Identifying the strongest self-report predictors of sexual satisfaction using machine learning. Laura M. Vowels, Matthew J. Vowels, Kristen P. Mark. Journal of Social and Personal Relationships, January 11, 2022. https://doi.org/10.1177/02654075211047004
Abstract: Sexual satisfaction has been robustly associated with relationship and individual well-being. Previous studies have found several individual (e.g., gender, self-esteem, and attachment) and relational (e.g., relationship satisfaction, relationship length, and sexual desire) factors that predict sexual satisfaction. The aim of the present study was to identify which variables are the strongest, and the least strong, predictors of sexual satisfaction using modern machine learning. Previous research has relied primarily on traditional statistical models which are limited in their ability to estimate a large number of predictors, non-linear associations, and complex interactions. Through a machine learning algorithm, random forest (a potentially more flexible extension of decision trees), we predicted sexual satisfaction across two samples (total N = 1846; includes 754 individuals forming 377 couples). We also used a game theoretic interpretation technique, Shapley values, which allowed us to estimate the size and direction of the effect of each predictor variable on the model outcome. Findings showed that sexual satisfaction is highly predictable (48–62% of variance explained) with relationship variables (relationship satisfaction, importance of sex in relationship, romantic love, and dyadic desire) explaining the most variance in sexual satisfaction. The study highlighted important factors to focus on in future research and interventions.

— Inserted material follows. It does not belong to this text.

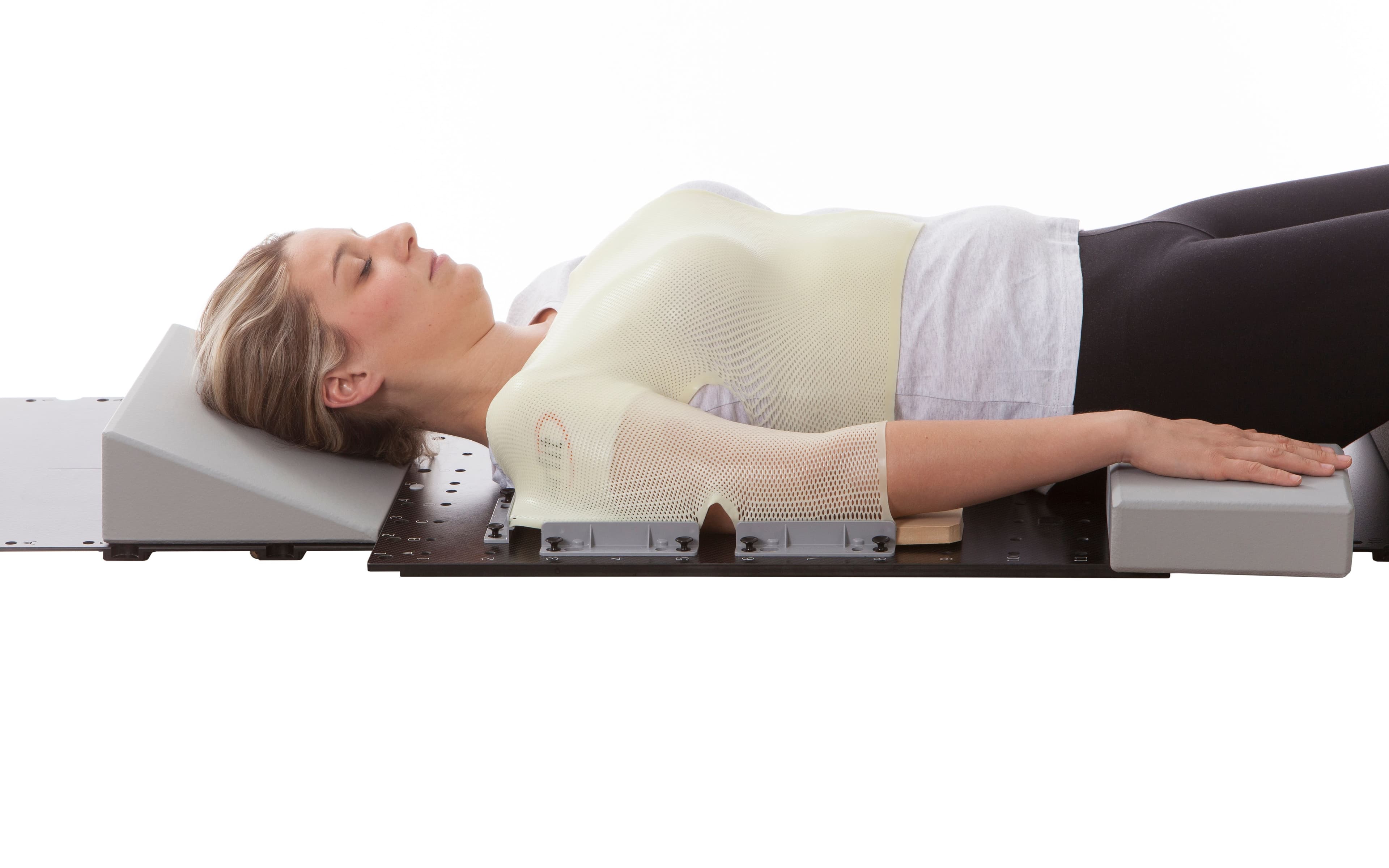 Patients can be immobilized while lying down or sitting beside the couch. Thermoplastic masks are formed over the elbow and hand for reproducible positioning. Soft cushions are used under the arm to maintain comfort throughout the session.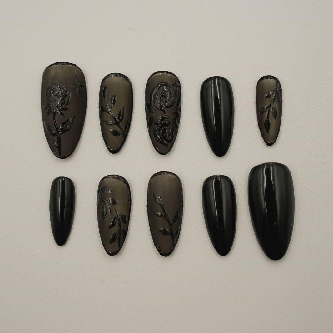 Elevate your look with Midnight Bloom medium almond-shaped nails, designed to offer a perfect balance of elegance and practicality. Their medium length and almond shape complement any style, providing a refined silhouette that enhances your natural nails with a subtle yet striking allure. Ideal for those seeking a sophisticated touch to their manicure.

Keywords: Sexual satisfaction, machine learning, random forests, Shapley values
Our results showed that we could predict between 48 and 62% of the variance in sexual satisfaction using a random forest algorithm, up to two to three times more than previous studies even after deleting relationship satisfaction from the model (Byers & Macneil, 2006; Laumann et al., 2006). The algorithm is also explainable because it does not suffer from suppression and cancellation effects or multicollinearity. The results show that using machine learning can help move psychological research into a new era of highly predictive and accurate models that generalize better to the population and have a higher utility in practice (Yarkoni & Westfall, 2017).
The strongest predictors
Because of the importance of sexual satisfaction on relationship quality (Joel et al., 2020; McNulty et al., 2016; L. M. Vowels & K. P. Mark, 2020b) and overall well-being (Davison et al., 2009; Del Mar Sánchez-Fuentes et al., 2014), understanding factors that are the most, and the least, strongly associated with sexual satisfaction is important. This can enable researchers and practitioners to target individuals who may be at a particular risk of poor sexual satisfaction and helps to address factors that are the most likely to induce changes in sexual satisfaction while ignoring those that are the least likely to produce change. Thus, we added to the literature by examining which factors were the most, and least, predictive of sexual satisfaction in two samples.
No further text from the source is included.